Maybe an illustrated aid will help shed some light on the problem?  One of my side projects is to draw up a nice little pen-and-ink blueprint of the house, but that’s not quite done yet so let’s look at the slap-dash version:


House as of today. Master bathroom is an itty-bitty postage stamp of a thing on the upper left section. Anything unlabeled is a closet.


The master bath is about 4″ by 5″, and the shower is about 18 inches square. There’s room for a sink and a toilet and nothing else; this goes for human beings, especially human beings who want to dry themselves off after a shower.  We learned very quickly that keeping the toilet seat down was a tactical decision.

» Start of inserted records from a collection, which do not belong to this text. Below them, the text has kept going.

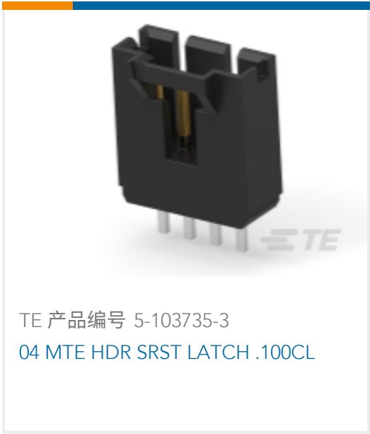
TE 产品编号 5-103735-3 04 MTE HDR SRST LATCH .100CL
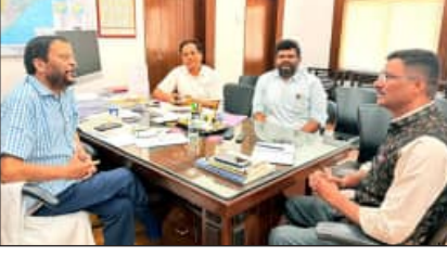
ଆବଶ୍ୟକୀୟ ପଦକ୍ଷେପ ପାଇଁ ଜିଲ୍ଲାପାଳଙ୍କୁ ନିର୍ଦ୍ଦେଶ ଗଣନାକାରୀଙ୍କ ସୁରକ୍ଷା ପାଇଁ ପୁଲିସ୍ ପ୍ରଶାସନକୁ ଦାୟିତ୍ୱ ବିଭିନ୍ନ ଅଘଟଣ ପରେ ସ୍ଥିତି ସମୀକ୍ଷା କଲେ ରାଜ୍ୟ ମନ୍ତ୍ରୀ
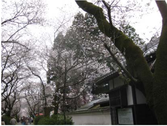
杉の馬場（秋月美術館）

There’s not enough space in the house to remodel that bathroom.  There’s just nowhere for it to go.  So we’ve been playing around with the idea of adding a porch to the master bedroom, letting it wrap around the full back of the house, then knocking out the master bathroom wall.  Then we’d add as much square footage to the bathroom as the porch is deep and, *poof!* Larger bathroom!

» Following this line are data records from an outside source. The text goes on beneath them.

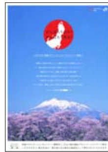
青森デスティネーション キャンペーンポスター

さらに東日本大震災発生後から被災エリアではエスパル仙台、エクセル水戸などで店頭において食料品を中心に販売を行いました。また、首都圏では、上野駅等において被害を受けた地域を応援する目的で、「応援産直市」「応援物産展」「応援工芸市」を開催し、各県の魅力を情報発信するとともに、野菜や加工品、伝統工芸品等の販売を実施しました。
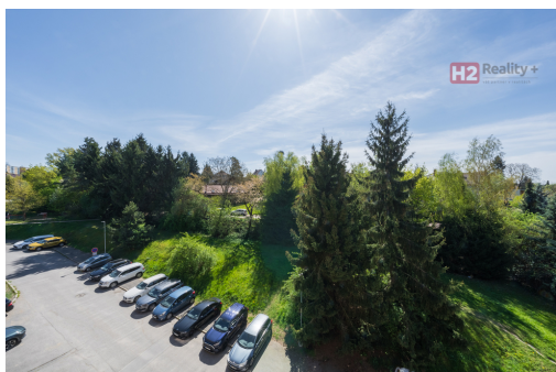
PRODEJ BYTU 2+kk, Říčany u Prahy - M. Pujmanové, 45 m 2
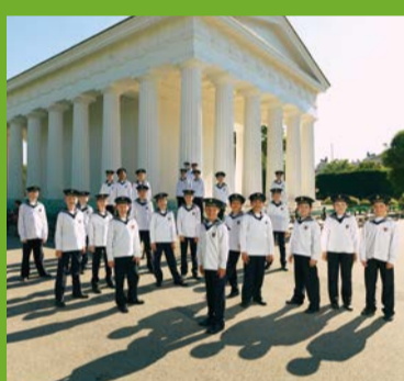
ウィーン少年合唱団 Wiener Sängerknaben
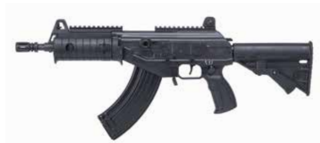
ACE 31 Fusil de asalto de 7,62 x 39 mm Longitud del cañón de 216 mm

Los modelos ACE 7,62 x 39 mm ofrecen la solución ideal para muchas fuerzas militares en todo el mundo que tienden a reemplazar sus armas con modelos modernos, innovadores y de alto desempeño sin tener que cambiar sus municiones y cargadores.

Add in the cost of the plumbing and the porch and the new doors and the bath fixtures and the labor and the roof extension and the electricity and the extra whatnots no one ever thinks of when they begin a bathroom remodel, and your hundred grand disappears faster than you can imagine.  Especially when your mind says things like “as long as we’re rewiring the back of the house, we might as well update all of the wiring because that fuse box is basically a spider dispenser.”

Then your mind really starts to wander.  I made another hashed-up blueprint of what we’d do if we had an unlimited budget: bust out the entire back wall of the house and extend it 20″, raise the roof line, move the Precarious Death Stairs, and so on.  It’s a little embarrassing to post, tho’, so I’ll leave it for another day.  It’s a real sign of the decline of your imagination when you wonder what you’d do if you won the lottery and you stare off into space, sighing, quietly, something very much like “… energy efficient windows …”

14 thoughts on “The “What If” Game

  1. When we were looking at remodeling a stupidly tiny 2nd floor master bathroom, the home inspector suggested making a sort of bay window in the bathroom, only without the window. That’s a lot less work than you’re contemplating, I think, although still way too much work if people would just build things well in the first place.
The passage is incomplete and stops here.